(Records from a data collection)
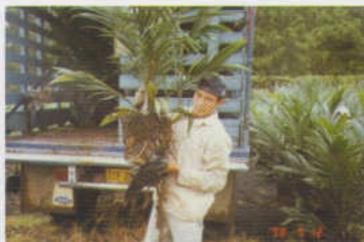
Foto 19. Bolsas de mala calidad.

Revisar la calidad de las bolsas ya que deben permanecer por 10 o más meses en el vivero; (el costo de reemplazar las bolsas dañadas es superior al costo adicional para adquirir las de mejor calidad.) Foto 19
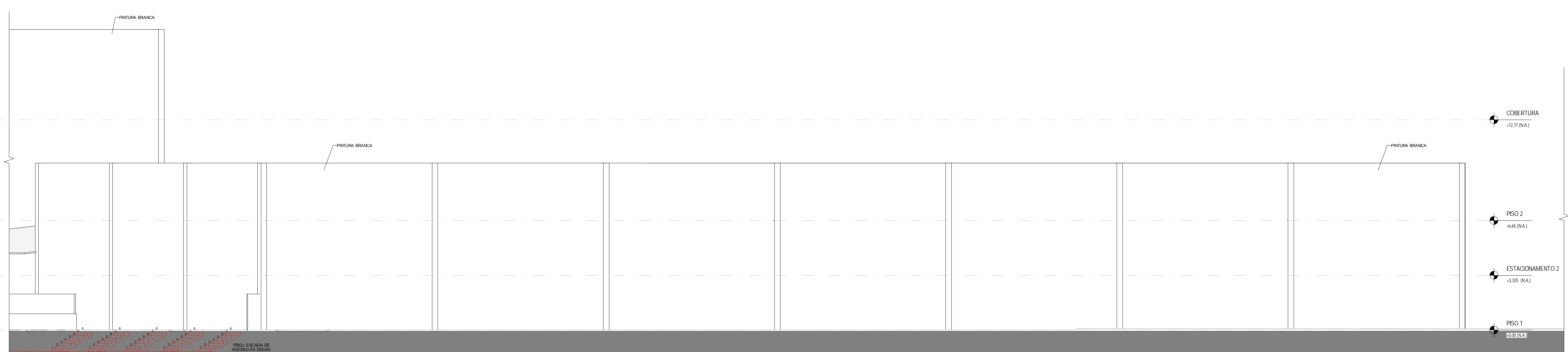
FACHADA POSTERIOR - SEÇÃO 3 1:100
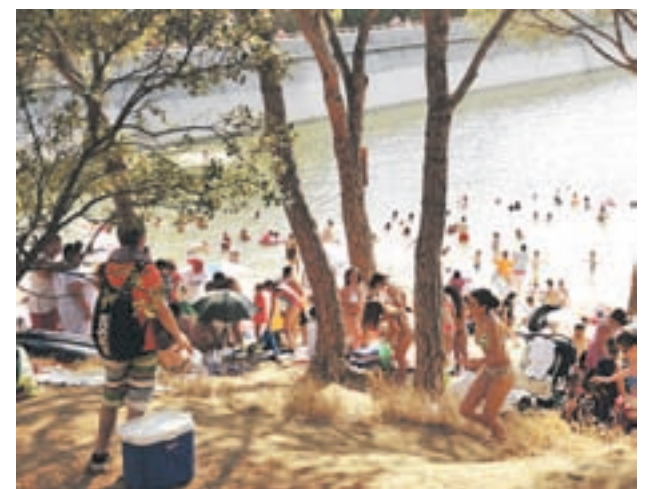
Embalse de San Juan

La Asociación de Educación Ambiental y del Consumidor (Adeac), la sección española de la Federación Europea de Educación Ambiental, dió a conocer estos datos el pasado martes día 8 de mayo en Madrid.
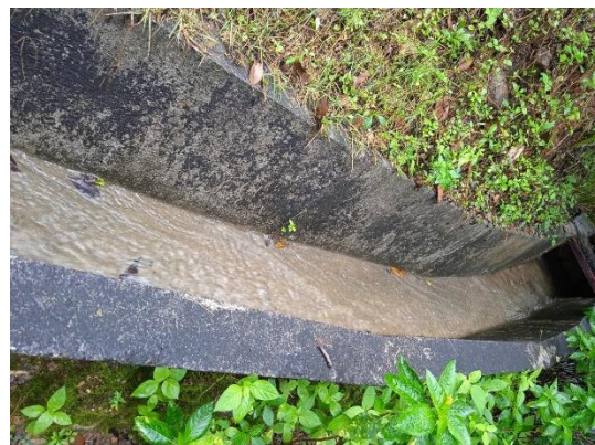
ภาพที่ 4 รางระบายน้ำฝน

(Instructions for the task) Return each line from the entries above that includes "Foto".

(Written solution)
Foto 19. Bolsas de mala calidad.
Revisar la calidad de las bolsas ya que deben permanecer por 10 o más meses en el vivero; (el costo de reemplazar las bolsas dañadas es superior al costo adicional para adquirir las de mejor calidad.) Foto 19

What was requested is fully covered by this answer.